Sécurisez les infrastructures numériques !
Autre point important évoqué par Edgars Rinkēvičs, la sécurité des infrastructures numériques.
« La Lettonie, en raison de sa situation géopolitique, de son emplacement géographique, a été exposée à différents types de menaces, de cyberattaques et de campagnes de désinformation. Si l’on me posait la question il y a un an sur les priorités en matière d’IA, j’aurais parlé de la nécessité d’augmenter les investissements dans la cybersécurité. Je dirais que la première tâche de nos États en matière de cybersécurité, c’est de protéger les infrastructures critiques. Nous avons eu des attaques contre des infrastructures critiques. Sur le plan de la défense, il fallait protéger l’infrastructure », indique le président qui raconte une expérience de son pays. …
« L’Estonie et la Lituanie se sont déconnectées du réseau bélarussien et russe et nous nous sommes connectées au réseau européen. (NDLR : L’Estonie, la Lettonie et la Lituanie ont mis fin à leurs connexions électriques avec la Russie et le Bélarus voisins le 8 février dernier, soit près de trois décennies et demie plus tard.) Nous avons subi des cyberattaques et l’utilisation des solutions basées sur l’IA dans ces attaques a été critique.
Je dirais que la première tâche de nos États en matière de cybersécurité c’est de protéger les infrastructures critiques. Nous avons eu des attaques contre des infrastructures critiques. Sur le plan de la défense, il fallait protéger l’infrastructure », regrette le président.
Enseignements pour les pays africains
Alors que les menaces liées à la désinformation et aux cyberattaques se multiplient, dans un contexte où de nombreux pays africains organiseront des élections en 2025 et en 2026, la création de centres stratégiques d’information pareils représente une étape cruciale pour protéger les démocraties et les infrastructures critiques.
En Afrique, les élections sont presque toujours la cible de campagnes de désinformation, notamment via le web et sur les réseaux sociaux. Comme l’a souligné Rinkēvičs, « les deepfakes seront de plus en plus utilisés pour générer de fausses informations et influencer les campagnes électorales ». Pour contrer ces menaces, le modèle letton combinant régulation, technologie et coopération internationale pourrait inspirer.

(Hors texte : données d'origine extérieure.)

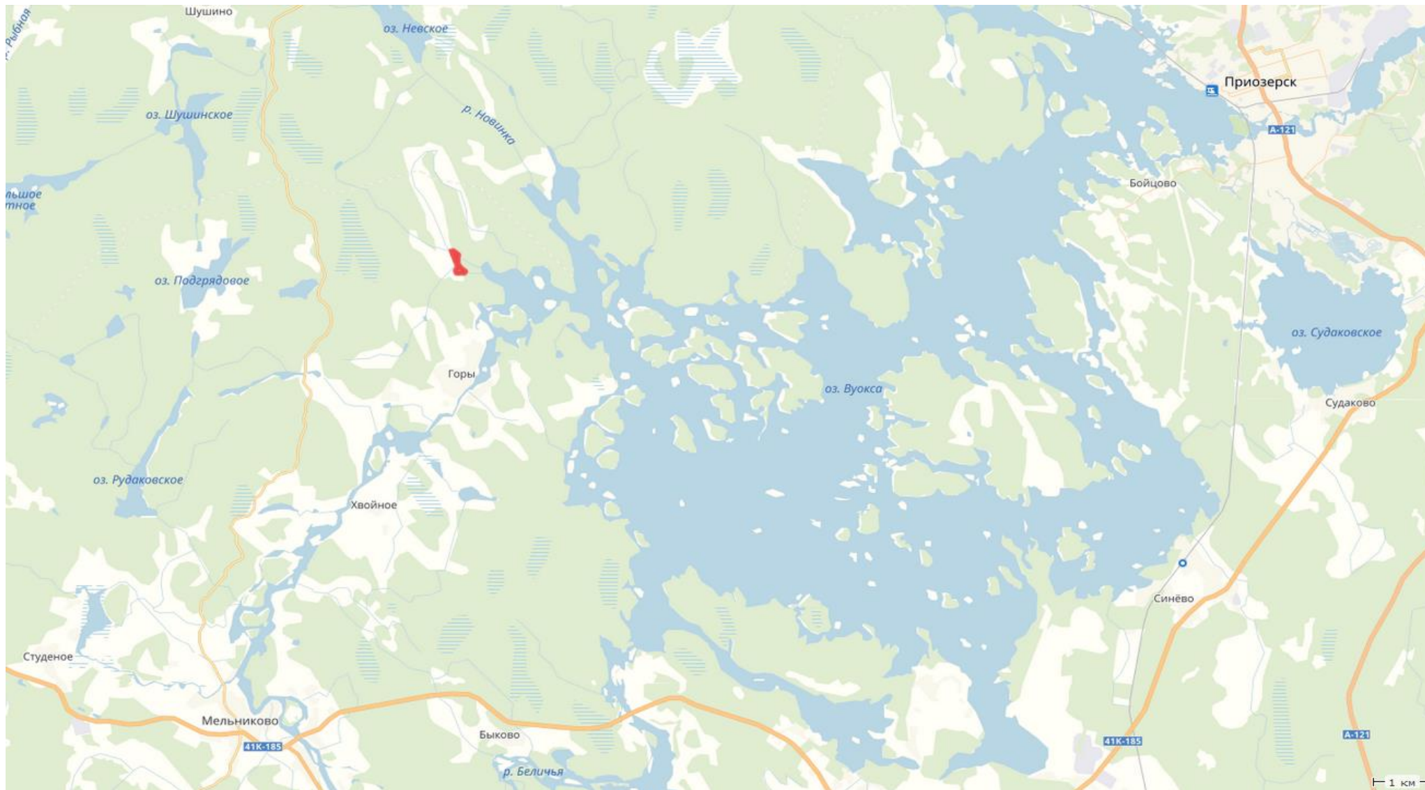
Схема рыбоводного участка безымянного озера, Приозерского района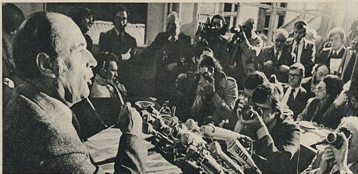
Los socialistas de Mitterrand acusan a los comunistas de celos por los votos que les han quitado, por los resultados de los últimos sondeos.

D ESPUES de cuatro meses de querellas, en un «crescendo» del que la conferencia de prensa de Marchais marca ahora el punto máximo —hasta el próximo—, la unión de la izquierda francesa está realmente maltrecha. Como siempre, como en todas partes (véase Portugal). Prácticamente le falta muy poco para disolverse. Le falta única-

En s’inspirant des meilleures pratiques internationales, comme celles de la Lettonie, les pays africains pourraient non seulement lutter contre la désinformation, mais également renforcer leur résilience et positionner l’IA comme un levier de développement et de stabilité. Tout en prenant le soin de trouver des voies et des moyens de sécuriser davantage leurs infrastructures.
Dans un monde où l’information est une arme, les gouvernements africains ont ainsi l’opportunité de devenir des acteurs clés dans la lutte contre la désinformation, tout en exploitant les potentialités de l’IA pour construire un avenir numérique plus sûr et plus inclusif.